The company logged its fourth consecutive quarter of losses and missed Wall Street estimates in four of the last five earnings periods. As for the top line, revenue missed analysts’ average projection for the second time in the previous four quarters.

For the third quarter, GoPro stock was hit by a net loss of $104 million, or 74 cents per share, from year-ago profits of $19 million, or 13 cents per share. On an adjusted basis, the loss came to 60 cents a share, which was far wider than the Street’s estimate for a loss of 34 cents, according to a poll by Thomson Reuters.

Revenue retreated 40% to $241 million from $400 million in the same quarter of 2015. Analysts’ average estimate pegged revenue at $319 million.

That’s a big bottom and top-line miss for GPRO stock, but what the market really cares about is guidance and that surprised to the downside too.

It now anticipates full-year revenue of $1.25 billion to $1.3 billion. That’s down from previous guidance of $1.35 to $1.5 billion. Wall Street was looking for the top line to hit $1.39 billion this year.

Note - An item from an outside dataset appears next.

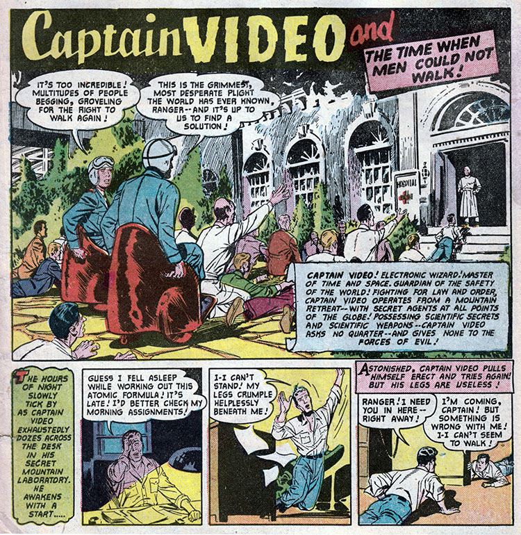 Captain Video! Electronic wizard, master of time and space, guardian of world safety, asker for no quarters, and useless from the waist down - at least that's what his girlfriend says! I'm joking, of course. There are no women in this story.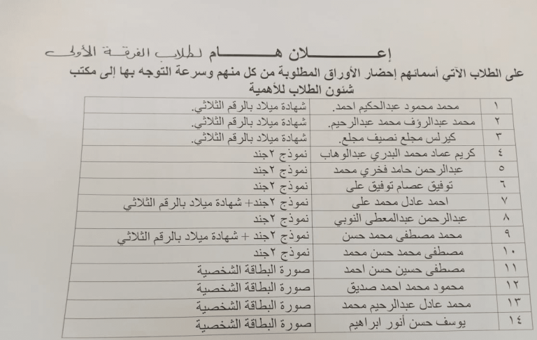 إعـــــــــــــــــــلان هام علي الطلاب الاْتي أسمائهم إحضار الاوراق المطلوبة من كل منهم وسرعة التوجة بها إلي مكتب شئون الطلاب للأهمية

It has been clear that GoPro stock was a dog for some time. The simple fact that it has no competitive moat — it makes cameras and drones — was always an existential weakness. Now it’s also becoming clear that the market for such products is a niche one too.

The fundamentals are weak with no catalysts on the horizon and the technicals offer no hope right now either. There are better stock picks than GPRO stock.

As of this writing, Dan Burrows did not hold a position in any of the aforementioned securities.